→ WHAT IS REQUIRED:
Copy, pictures aside: the lines below from the one that holds "グレー × カーキ ×" through the final line of the listing, both ends included, exactly as they are and nothing else.

(DATA BELOW)

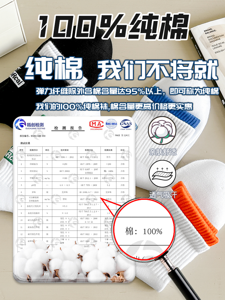 纯棉防臭吸汗男童初中学生大童运动男款 青少年袜子男士 中筒秋冬季
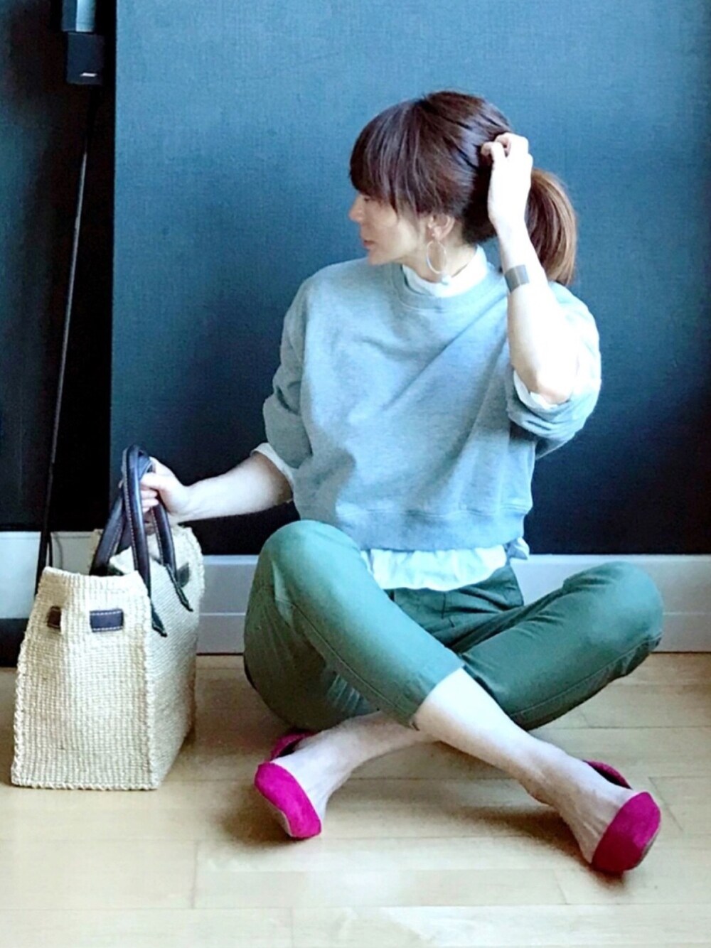 グレー × カーキ × ピンク なんか好きな組み合わせ😌💕💕 OVoVO のスウェットは、シャツをレイヤードして見えるから一枚で様になります🙆🏻♀️
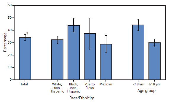 § Estimates are based on household interviews of a sample of the U.S. civilian noninstitutionalized population. Denominators for each category exclude persons for whom data were missing.
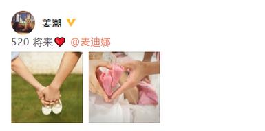 5月20日,姜潮在社交平台发出了宝宝小脚丫的照片,配文:“520,将来”,宣布妻子麦迪娜顺利生产的喜讯。

(End DATA BELOW)

→ YOUR SOLUTION:
 グレー × カーキ × ピンク なんか好きな組み合わせ😌💕💕 OVoVO のスウェットは、シャツをレイヤードして見えるから一枚で様になります🙆🏻♀️
 § Estimates are based on household interviews of a sample of the U.S. civilian noninstitutionalized population. Denominators for each category exclude persons for whom data were missing.
 5月20日,姜潮在社交平台发出了宝宝小脚丫的照片,配文:“520,将来”,宣布妻子麦迪娜顺利生产的喜讯。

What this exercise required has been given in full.